Overcoming objections exercise
[This post is part of a series on internal objections and blocks and how to overcome them. If you don’t see a Table of Contents to the left, click here to view the series, where you’ll get more value than reading just this post.]
I love covering objections and blocks in my seminar. More than any other, that section results in people applying the seminar’s contents to their lives and solving their problems. They change their mode from digesting and evaluating the information to using and applying it.
I love to see how quickly what seemed like abstract information suddenly becomes useful tools to solve problems, lead people, improve careers, and improve lives.
More than that, people come together. The break after this exercise is where people in the seminar start making job offers to each other.
Since this exercise follows my covering the Model and Method in the seminar, they use those tools. Outside that context this exercise won’t be as effective, but it still puts forth one the main strategies for overcoming blocks and obstacles — getting other people’s perspectives.
1. Meet in groups (ideally 3-5)
If you can’t form a group, enlist at least one other person’s help.
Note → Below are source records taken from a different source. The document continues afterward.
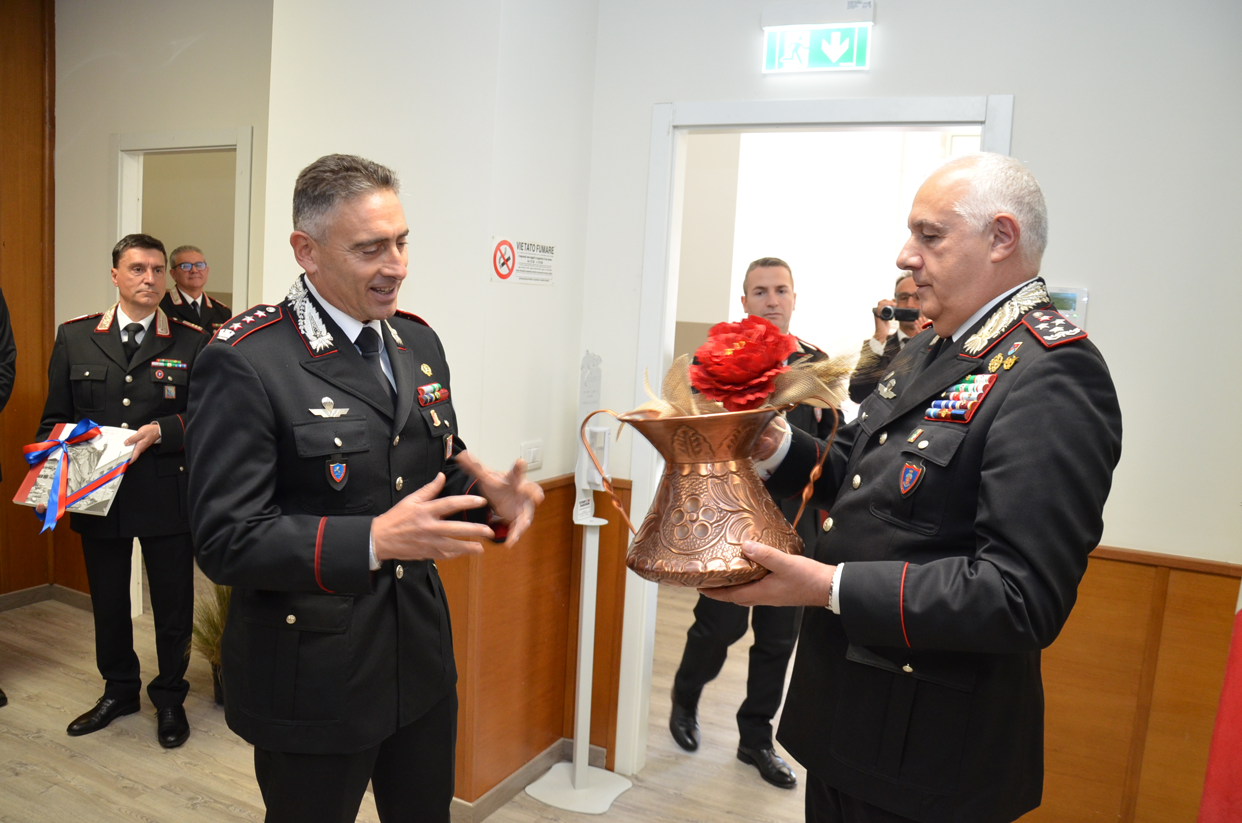 Nello scambio istituzionale dei doni, il Gen. C.A. Teo Luzi ha fatto omaggio del Crest del Comandante Generale, mentre il Colonnello Gabriele Mattioli di due oggetti che riconducono alla Ciociaria ed alla provincia di Frosinone: una Conca ciociara, oggetto in rame con la “vita larga”, simbolo dell’operosità e del sacrificio delle donne di questo territorio; un libro sull’Abbazia di Monte Cassino, distrutta completamente del 1943 dai bombardamenti degli alleati.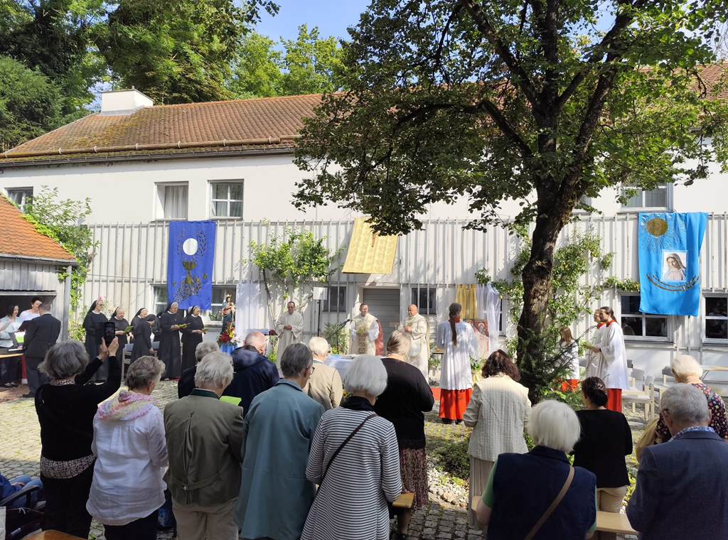 Misu je slavio župnik Michael Kiefer, uz koncelebraciju župnog vikara Piotra Waza i posluživanje trajnog đakona Michaela Götza. Toga dana zajednica sestara i župljani obilježili su također blagdan Gospe od Anđela – Porcijunkulu, povodom kojega je, kao i prethodnih godina, misa slavljena u dvorištu sestarske kuće.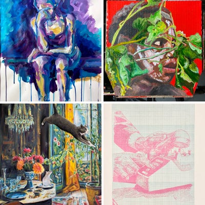 Jay Golding’s figurative paintings and drawings evoke mythology, migration, and interconnectedness, creating literal and symbolic layers employed by vibrant palettes in acrylics and oils, sometimes incorporating collaged or impastoed elements. Golding’s emphasis on tribal cultures within his work, often infuses Caribbean and African cultural motifs allowing him to draw parallels between various communities–expressed by his masked figures and other fictional characters such as the purple-skinned beings from the village “Maji ya bluu”, which is Swahili for blue water. Golding frequently signs his work under the pseudonym Kwame, a name he donned after visiting Ghana in 2019 with his family. He cites his trip to the West African nation as well as Mexico as being life changing and having profound effects on his work.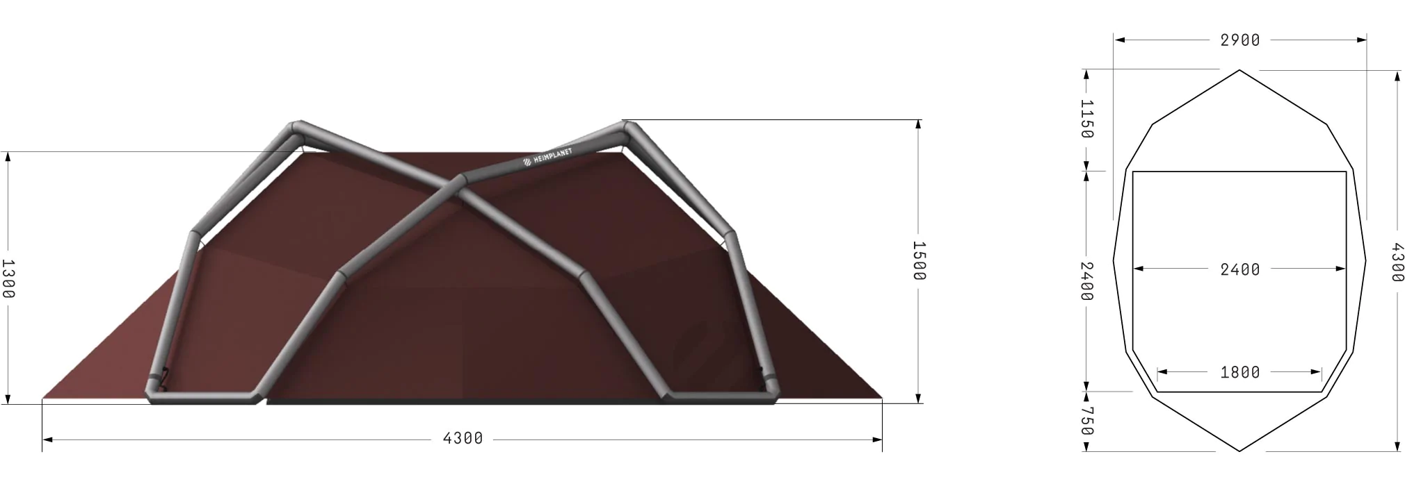 広さ: 9 m² / 96.9sq. ft. (インナーテント: 5.8 m²)

2. Share plan you created before
Before this exercise in the seminar, attendees created a plan for something significant in their lives. If you have an obstacle or block in your life, it means it exists in some plan. Clarify that plan, explain it to the others, and explain what obstacles and blocks you foresee.
3. Others predict and list obstacles and blocks
Besides the obstacles and blocks you foresee, ask them to anticipate others.
4. Think of ways to avoid them, reframe them, or overcome them
The key here is not to try to overcome the obstacles and blocks head on, which often reinforces them. Since many will appear as advantages from other perspectives, reinforcing them makes progress harder.
This step’s key is to look at the obstacles and blocks from different perspectives. It’s amazing how much another person’s perspective, combined with the goal of looking for different ways of looking at the problem, can transform would-be obstacles into opportunities.